HSE to fund on limited basis cost of multiple sclerosis drug

Extended campaign by patients proves success for medicine that helps sufferers to walk

Patients have been paying up to €500 a month for Fampridine from their own resources. Photograph: Getty Images

Patients have been paying up to €500 a month for Fampridine from their own resources. Photograph: Getty Images

 

The Health Service Executive has agreed to fund on a limited basis the cost of a drug that helps people with multiple sclerosis to walk.

The announcement that Fampridine (known commercially as Fampyra) is to be reimbursed under the State-funded drugs schemes follows a lengthy campaign by patients who says the drug has greatly aided their mobility.

The HSE says it is in the final stages of putting in place the arrangement around a “responder-based” reimbursement programme for Fampridine.

The cost of the drug will be covered where a demonstration of clinical response, based on objective criteria agreed with clinical experts, is recorded, it says. This clinical response must be shown to persist based on objective measurement at six-monthly intervals.

Annual cost

In 2013, the National Centre for Pharmacoeconomics, which rules on the cost-effectiveness of new drugs, found Fampridine would cost nearly €7,000 per patient each year. It said the €20 million annual cost to the State over five years would take money from other areas.

The HSE then decided that it could not approve the reimbursement of Fampridine and claimed the manufacturer, Biogen Idec, had failed to demonstrate or provide any formal justification for the prices proposed.

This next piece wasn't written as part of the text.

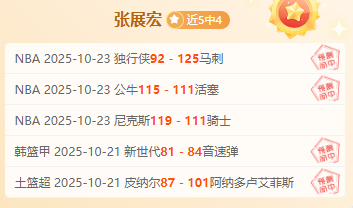 昨日取得两场NBA胜利,近5胜4。目前连续两天单挑取胜。张展宏继续深挖数据,不吹不擂真实成绩有目共睹。继续为大家送上高质量和专业的赛事理解,敬请大家关注!

Biogen maintained it had offered significant price reductions in the talks.

Agreement has now been reached on a reimbursement arrangement.

Patients have been paying up to €500 a month for Fampridine from their own resources after Biogen started charging for the drug last year following a free trial period.

Multiple Sclerosis Ireland expressed delight with the progress on reimbursing Fampridine, which it said had a significant impact on patients’ ability to remain independent.